## Task to carry out
Once the pictures are set aside, copy the data below exactly as it stands.

## Recorded data
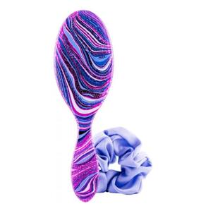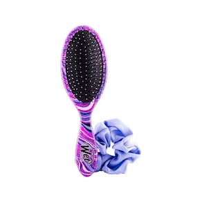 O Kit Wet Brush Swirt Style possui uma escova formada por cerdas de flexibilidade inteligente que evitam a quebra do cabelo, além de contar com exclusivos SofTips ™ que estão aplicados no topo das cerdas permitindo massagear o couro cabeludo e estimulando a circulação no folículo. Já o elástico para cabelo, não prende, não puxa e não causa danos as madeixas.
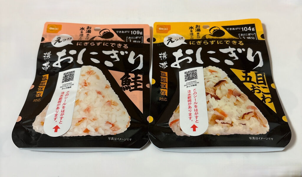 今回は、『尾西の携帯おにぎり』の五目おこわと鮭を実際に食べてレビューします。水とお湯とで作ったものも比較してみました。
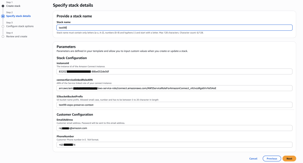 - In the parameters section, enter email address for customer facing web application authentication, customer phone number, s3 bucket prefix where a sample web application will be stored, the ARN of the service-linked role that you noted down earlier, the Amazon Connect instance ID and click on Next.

## Output below
 O Kit Wet Brush Swirt Style possui uma escova formada por cerdas de flexibilidade inteligente que evitam a quebra do cabelo, além de contar com exclusivos SofTips ™ que estão aplicados no topo das cerdas permitindo massagear o couro cabeludo e estimulando a circulação no folículo. Já o elástico para cabelo, não prende, não puxa e não causa danos as madeixas.
 今回は、『尾西の携帯おにぎり』の五目おこわと鮭を実際に食べてレビューします。水とお湯とで作ったものも比較してみました。
 - In the parameters section, enter email address for customer facing web application authentication, customer phone number, s3 bucket prefix where a sample web application will be stored, the ARN of the service-linked role that you noted down earlier, the Amazon Connect instance ID and click on Next.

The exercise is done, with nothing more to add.